Patch "md: always clear ->safemode when md_check_recovery gets the mddev lock." has been added to the 4.12-stable tree

<gregkh@xxxxxxxxxxxxxxxxxxx> · Fri, 18 Aug 2017 16:38:25 -0700

This is a note to let you know that I've just added the patch titled

    md: always clear ->safemode when md_check_recovery gets the mddev lock.

to the 4.12-stable tree which can be found at:
    http://www.kernel.org/git/?p=linux/kernel/git/stable/stable-queue.git;a=summary

The filename of the patch is:
     md-always-clear-safemode-when-md_check_recovery-gets-the-mddev-lock.patch
and it can be found in the queue-4.12 subdirectory.

If you, or anyone else, feels it should not be added to the stable tree,
please let <stable@xxxxxxxxxxxxxxx> know about it.

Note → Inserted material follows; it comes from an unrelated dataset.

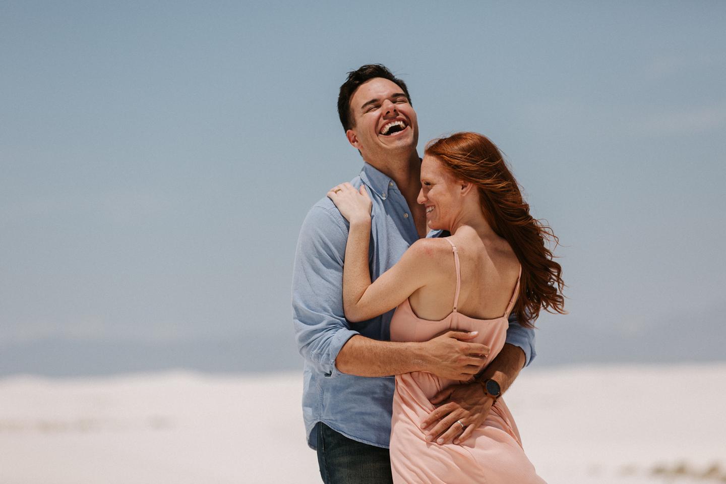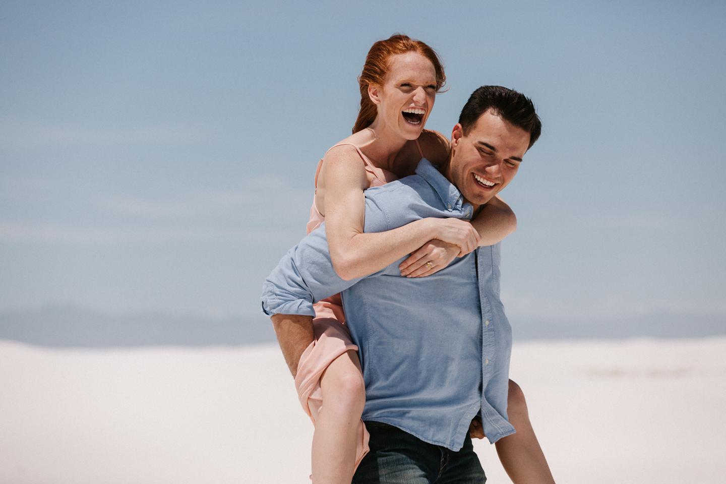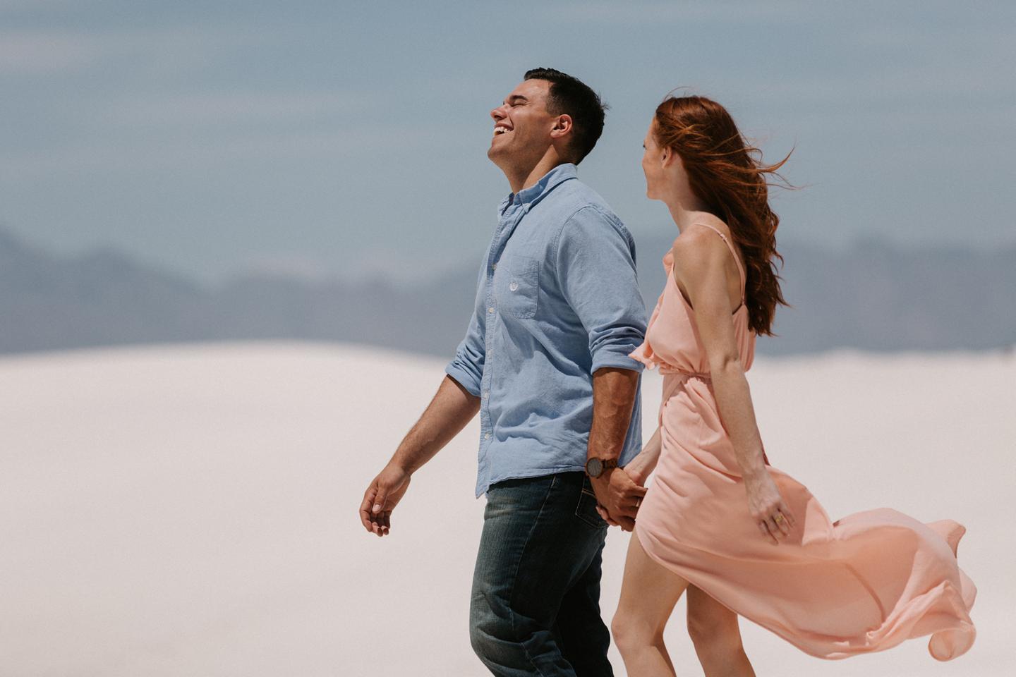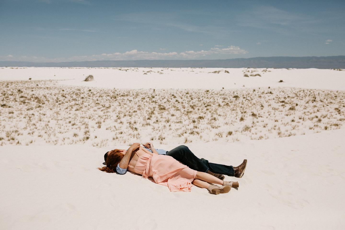 It was hot. It was sandy. And it was crazy bright. It was the perfect challenge. I took these New Mexico engagement photos while wearing sunglasses. I felt like I was shooting completely blind because I couldn’t see my LCD screen at all. I shot these with a lens I rarely use for portraits. I shot them at a much smaller aperture than I usually use. I shot them at exactly high noon, something I NEVER do unless I have to. Basically, I did the exact opposite of everything I normally do, and you know what? The shots still came out awesome. Jessica and Andrew hosted me in El Paso for one night while I was road-tripping across Texas in May (you can see landscape shots from my trip here!).I had never met them before, but Jessica is an amazing photographer herself (seriously, go check out her site! **https://sparrowandgold.com/ **) and we connected through an awesome Facebook group. They were such incredible hosts and I was thrilled when they were down to take a short trip out to White Sands New Mexico the next morning! We originally planned on being there at sunrise, but margaritas and a need for sleep stopped that. So we arrived at noon and I got to experience one of the most challenging, but simultaneously rewarding sessions that I have ever done. These two are so playful, kind, and perfect together. There was so much laughter and sweetness between them and it was so easy to just hang out at White Sands and document them being their normal selves. I cannot thank them enough for hosting me and for taking me out there! I can’t wait to go back again someday

>From 33182d15c6bf182f7ae32a66ea4a547d979cd6d7 Mon Sep 17 00:00:00 2001
From: NeilBrown <neilb@xxxxxxxx>
Date: Tue, 8 Aug 2017 16:56:36 +1000
Subject: md: always clear ->safemode when md_check_recovery gets the mddev lock.

From: NeilBrown <neilb@xxxxxxxx>

commit 33182d15c6bf182f7ae32a66ea4a547d979cd6d7 upstream.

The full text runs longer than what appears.